Noelle Butterby had a bad evening. She had traveled all the way to where she went to college for the opening of the time capsule she and her friends had put items in ten years ago. But when she gets there, not only has the surprise snowstorm prevented them from digging up all the time capsules, but Noelle saw her ex-boyfriend across the room, and he didn’t even acknowledge him.
And if that wasn’t bad enough, Noelle got stuck on the highway on her way home, the traffic stopped for miles because of that snowstorm that already ruined her evening, so unusual for England in late March. Her phone is almost of battery, and her charging cord stopped working, and she needs to call home, but she can’t. She’s stuck.
Enter Sam. A tall, handsome American knocks on Noelle’s car window and asks if he can help. He offers her the charging cord in his warm rental car, along with his kindness, great smile, and shining smile. For eight hours, they spend time together in Sam’s car, talking and laughing, getting help and snacks from others on the highway, and offering first aid to a woman who slid and hit her head on her own car’s bumper.
And then it’s over.
The highway opens again, Sam heads back to America, and Noelle goes back to her life. She lives with her mother, who has never been quite the same since her stroke. She recovered physically, but it broke her spirit and now she needs to have someone around her or she falls apart. So Noelle has put her dreams of being a florist on hold, working as a cleaner so she can have a flexible schedule for when her mother needs her.
She does have a younger brother, but when he’s not out on the road with his band, he’s not entirely reliable. Like when he was he was at home with his mother, and she had decided to get something out of the attic, and she got her foot caught in the ladder. When Noelle got home, her mother was sitting down and her brother had put ice on it, but when it was still painful and swollen in the middle of the night, it was Noelle who had taken her to the hospital to see if the leg was broken.
Noelle sat in the hospital hallway in the middle of the night, basically still in her pajamas, not at all sure of what was going on and then she sees the door open. Noelle thought it might be her ex-boyfriend Ed, the one who ignored her at the reunion, the one she had bumped into on the street and had a pleasant chat with, the one who is a doctor, but it wasn’t Ed she saw. Somehow, it was Sam.

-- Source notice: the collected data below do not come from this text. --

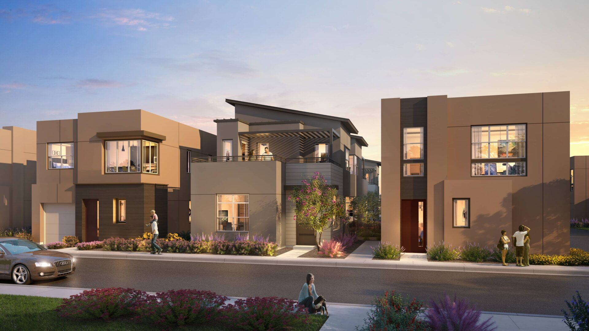 Summerlin, Nevada is a planned community that shows a different side of Las Vegas. With the Spring Mountains as skyline and Red Rock Canyon as neighbor, this place draws anyone wanting a taste of outdoor lifestyles without sacrificing the excitement of a major city metro. The Loughlin is a community for new or established Nevadans that communicates a local’s eye for Las Vegas, and KTGY’s contribution as architect is to capitalize on our client’s site in an underutilized location. Our team designed more than one hundred homes just a stone’s throw from downtown Summerlin. The modern influences of this detached condominium community indicate the seamless living that entry-level owners want. Modern facades in three elevation styles create a consistent but interesting flow of houses along safe and quiet neighborhood streets that connect to Summerlin’s greater flow of activities.
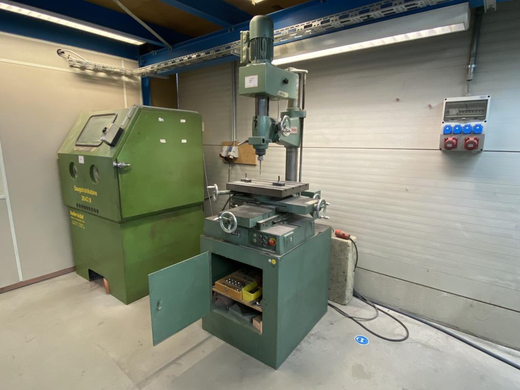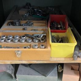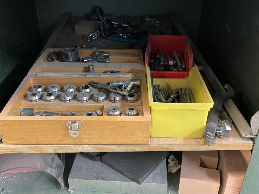 Fabrikat: ZIMMERMANN, Typ: FZ1, Baujahr: 1986, Ser.-Nr. 911, Kreuztisch ca. 490 x 400 mm, Verfahrweg X/Y/Z 320 x 385 x 430 mm, Drehzahl 560 - 14.000 U/min, Werkzeugaufnahme SK 30, 1 Posten Spannzangen, Schaftfräser
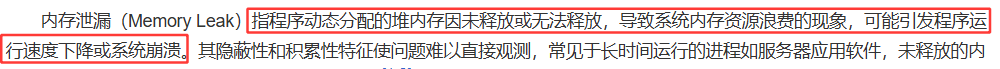 1.首先析构函数调用的次数不够,导致内存泄漏(内存泄漏不报错)。

She and Sam sit in the hallway of the hospital talking like old friends. It turns out his father had fallen, and he had brought him to the hospital to get him checked out. Is it just a coincidence, or is it something more?
When she was in school, Noelle’s best friend was Daisy. She had gone to that reunion to get the camera Daisy had put in the time capsule, because it was shorty after that that she had been killed in a tragic car accident. A car accident that Noelle had almost been in too, except that Ed asked her to go home with him. Daisy had talked about the red thread, a thread of fate that ties you to the person you’re supposed to be with. It can get tangled but it cannot break. Could Sam be Noelle’s red thread? Or is that just a fantasy about a handsome stranger who oddly keeps showing up when she needs someone the most?
As Noelle figures out what it is she really wants from her life, how to be the person Daisy always thought her friend would grow up to be, she has to face the feelings she’d been pushing away since her mom got sick. Will she figure out what her red thread is and follow it to true love, or will she stay tangled up and alone?
Eight Perfect Hours is a heart-warming story of a woman trying to find her way in life. Author Lia Louis has crafted a lovely story of self-realization and love, with characters who feel like friends. There is a lot of heartbreak in this story, but there is also a lot of heart and joy and friendship. Watching Noelle find her way is a lovely journey, and I hope everyone who reads this book finds the same enjoyment I did with it.
I really loved the idea of the red thread, and watching the thread’s knots unravel throughout this story was the uplifting experience I needed right now. Being there with Noelle as she figured out what it was she really wanted, and seeing her joy as she got to take steps towards her dreams made my heart open up for her. The grief in this book is very real, but so is the pure happiness of being true to yourself.
Egalleys for Eight Perfect Hours were provided by Atria Books through NetGalley, with many thanks.